Haitian Creole is now a machine translation staple

In response to the earthquake in Haiti, Microsoft quickly expanded its machine translation engine to include Haitian Creole.

Today I noticed that Google has an alpha version of its Haitian Creole engine as well.

Though it’s sad that it took a natural disaster to spur attention to a particular language, I’m glad to see the language available.

It’s hard to underestimate the importance of readily accessible machine translation. Just as search engines help us better understand the world, machine translation engines help us better understand one another.

And, yes, they’re far from perfect. But they’re far better than nothing at all. And they are finding their way into countless applications and countless fixed and mobile devices, each additional language offering another glimpse into another world.

Google Translate: Now in 51 languages

In February of this year, Google Translate surpassed 40 languages.

Six months later, Google added ten more languages, a two-year growth trajectory illustrated below:

google_translate_languages

Google went from 13 languages to 51 languages in less than 16 months.

Not bad.

And, yes, I’m aware that we must not confuse quantity of translations with quality of translations. Your translation mileage will most certainly vary by language pair. Still, as language pairs go, Google is the only game in town across many.

Here are the 10 most recently added languages:

  • Albanian
  • Afrikaans
  • Belarusian
  • Icelandic
  • Irish
  • Macedonian
  • Malay
  • Swahili
  • Welsh
  • Yiddish

On a related noted, 41 of these languages are now incorporated into Google Docs.

Decyphering Google Translate on your web logs

Whenever I read this site’s web logs, I’m always fascinated by the number of referrals via Google Translate.

Every month there seems to be more of them, which could mean that the quality of Google Translate is improving, or this site is doing better in the rankings, or some combination of the two. Or, it could be simply be that more people have discovered Google Translate.

Given my passion for country codes, it’s fair to say that I also enjoy language codes. And it is through language codes that you can figure out what languages users were translating your site “from” and “to.”

Here is one referral string from my site:

google_translate

First, you can see that the person was using Google Korea, so it’s fair to say the person was translating from English into Korean. The “To” line is actually the blog title post translated into Korean.

That was an easy one.

This next one is a bit more challenging:

google_translate2

This person was using Google.com, so you have to focus on the language codes. There are two here — an “id” (which follows  “hl=”) and an “en” (which follows “sl=”).

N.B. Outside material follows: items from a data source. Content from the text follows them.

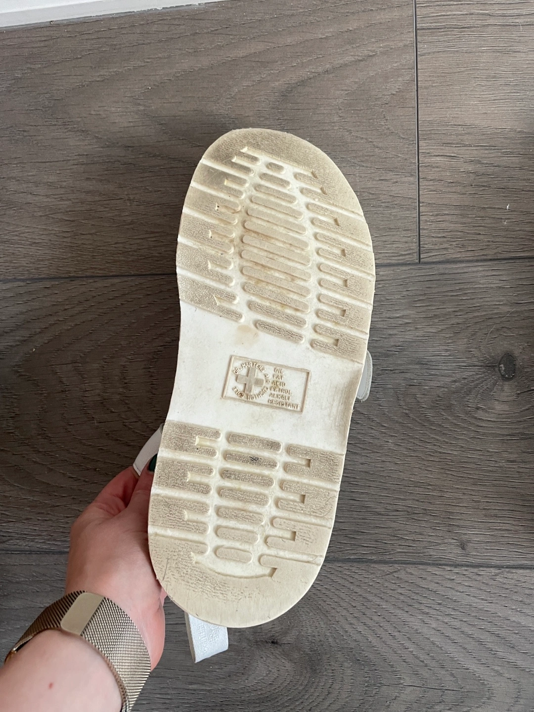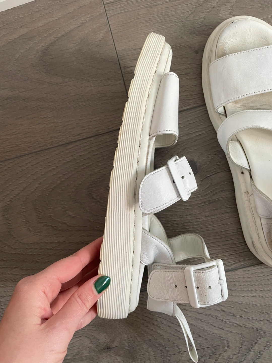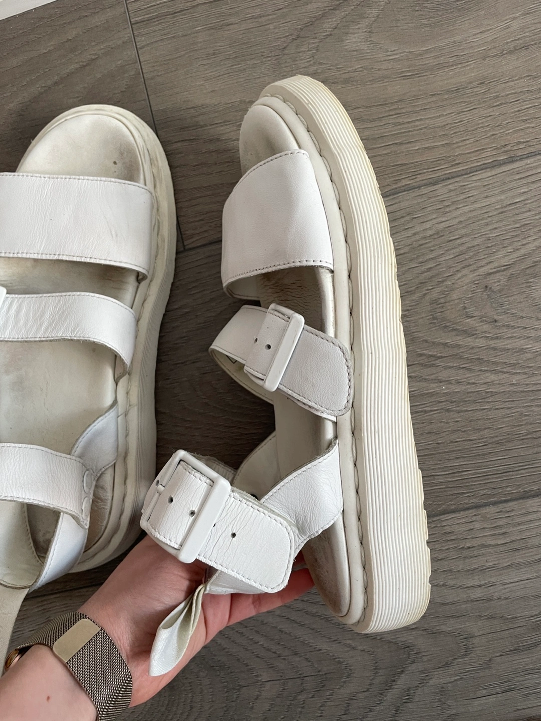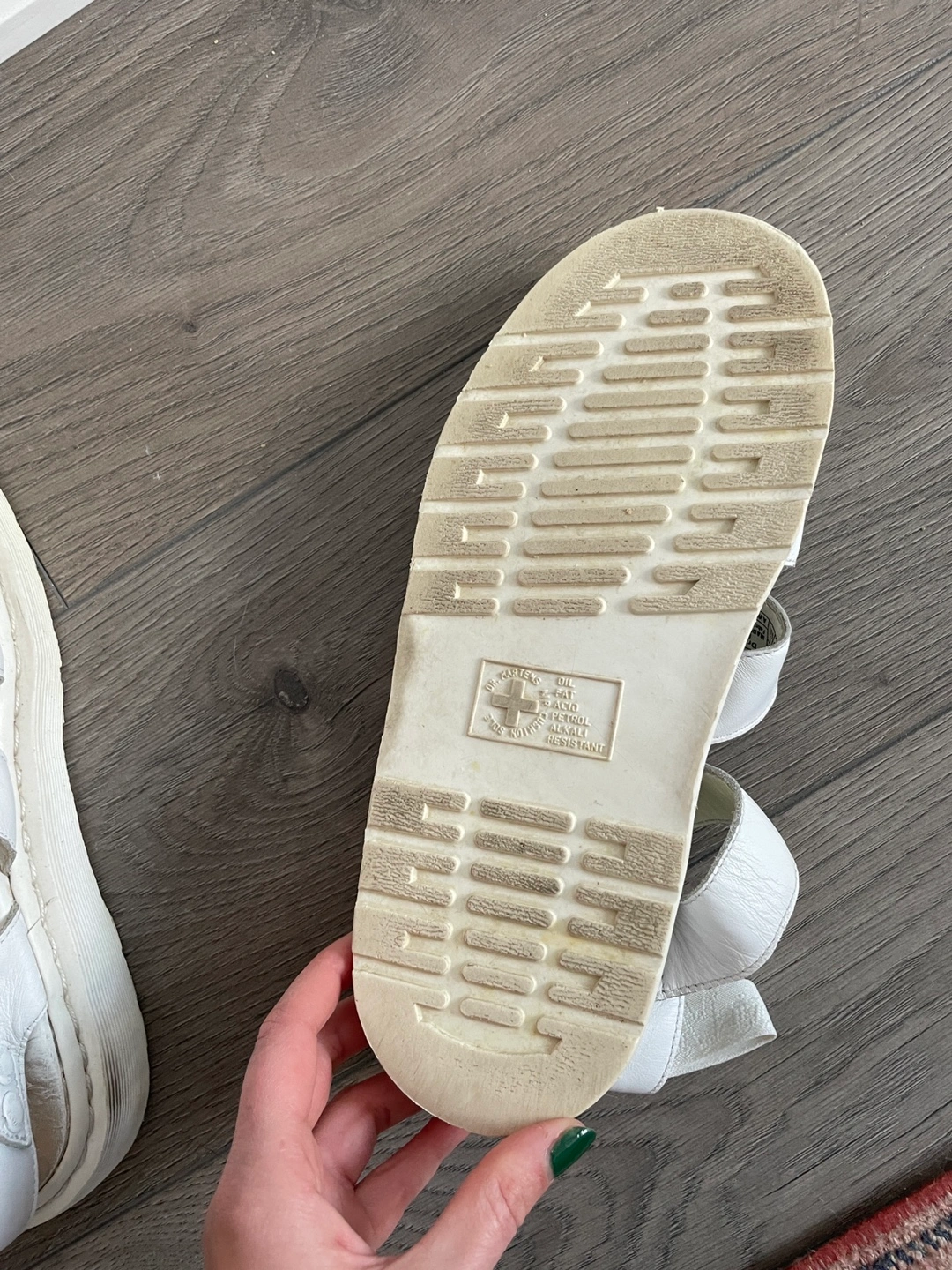 448White leather sandals with adjustable buckle straps. Thick platform sole. Worn but in good condition. Selling since they’re too large for me - size isn’t listed but likely womens 9 since my womens 8 fit me. Pickup near Woodbine Station only. First come first serve.
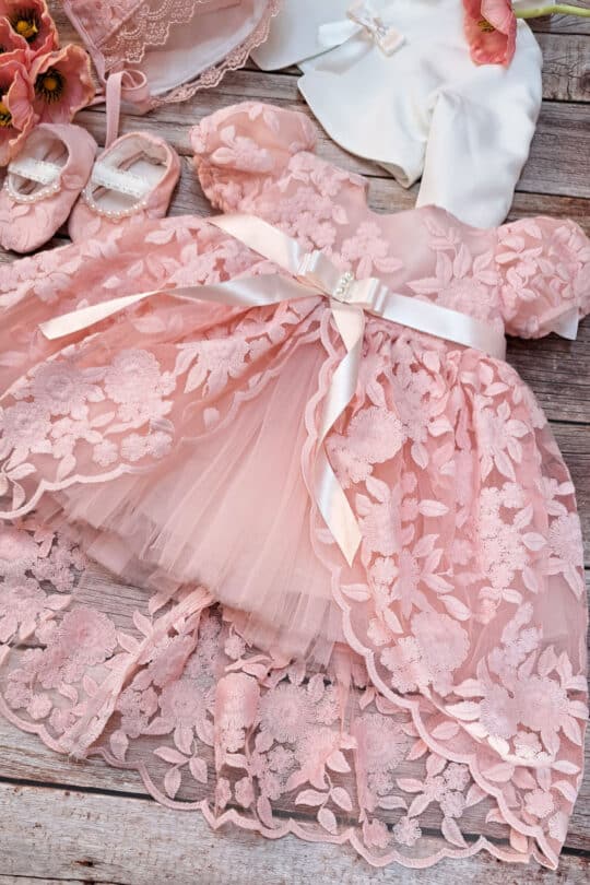 Introducând noul model Pauline, vă prezentăm un set elegant și rafinat, perfect pentru momentele speciale din viața micuței dumneavoastră.
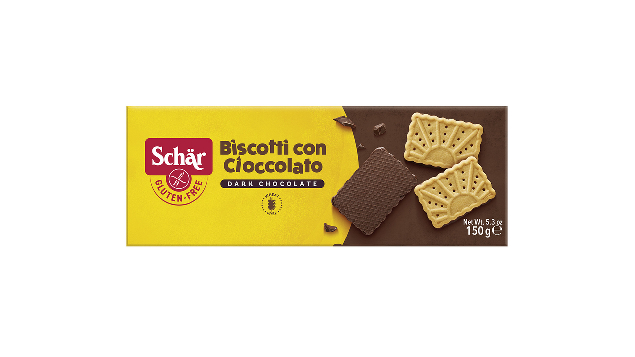 Schär Biscotti con Cioccolato sušenky bez lepku polomáčené v hořké čokoládě 150 g
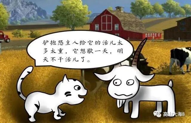 猫转身对羊说:“驴抱怨主人给它的活儿太多太重,它想歇一天,明天不干活儿了。”
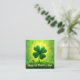 A stylish St. Patrick's Day motif with a large, green four-leaf clover in the center, surrounded by a natural, festive atmosphere. The soft light accents and floating shamrocks give the image a magical and cheerful feel, fitting for the Irish holiday.
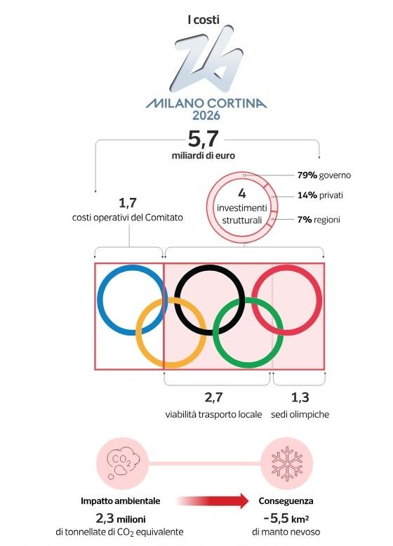 Meno di un terzo è servito per le competizioni sportive, il resto se n’è andato in infrastrutture: dalle strade, alle piste, ai villaggi per gli atleti. L’impatto ambientale complessivo, inclusi gli spostamenti degli spettatori, è calcolato in 2,3 milioni di tonnellate di anidride carbonica equivalente, che causeranno la perdita di 5,5 km quadrati di manto nevoso. (Qui). A eccezione dei miglioramenti effettuati sulla viabilità, secondo gli analisti di S&P Global i Giochi «non lasceranno un’eredità economica significativa a lungo termine». E il lungo termine lascia spesso strutture abbandonate. Ricordiamo tutti i resti di «Torino 2006», con impianti come la pista da bob di Cesana Torinese costata 110 milioni di euro e che ora ne costerà altri 9 per essere demolita.
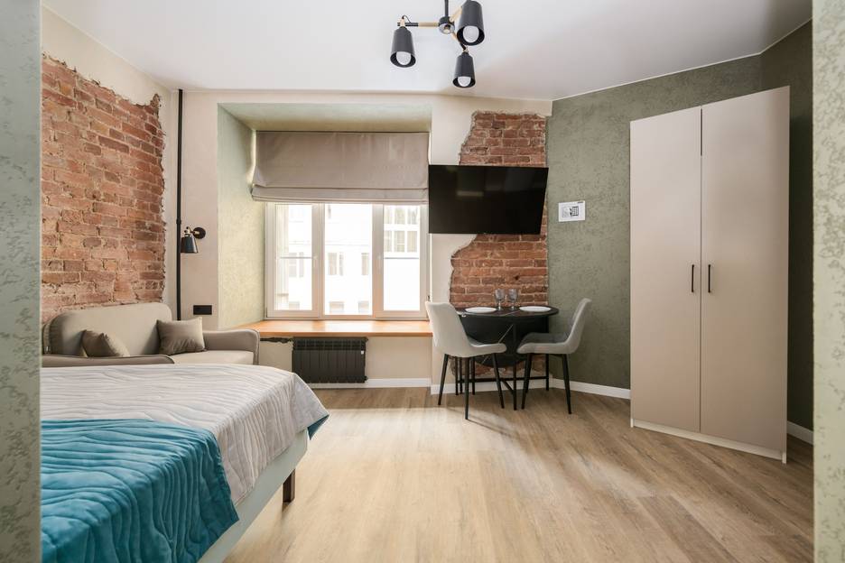 Комфорт и современные удобства: В студии 3 спальных места: двухспальная кровать (180х200) и раскладное кресло (90 х200). Телевизор для вечернего досуга

What this means is the person was translating from English into Indonesian (Bahasa Indonesia).

Here is what the translated page looks like:

google_translate2a

The quick and easy way to know the target language is to focus on the “hl=” string. In the screen shot below, the target language is German.

google_translate3

And here is a language code reference if you want to study your web logs.

What I want to know is what percentage of web traffic is taken up by Google Translate. Anyone care to share their Web log stats?

Based on my cursory analysis, I would estimate the figure to be between 5% and 10%, but that’s very rough.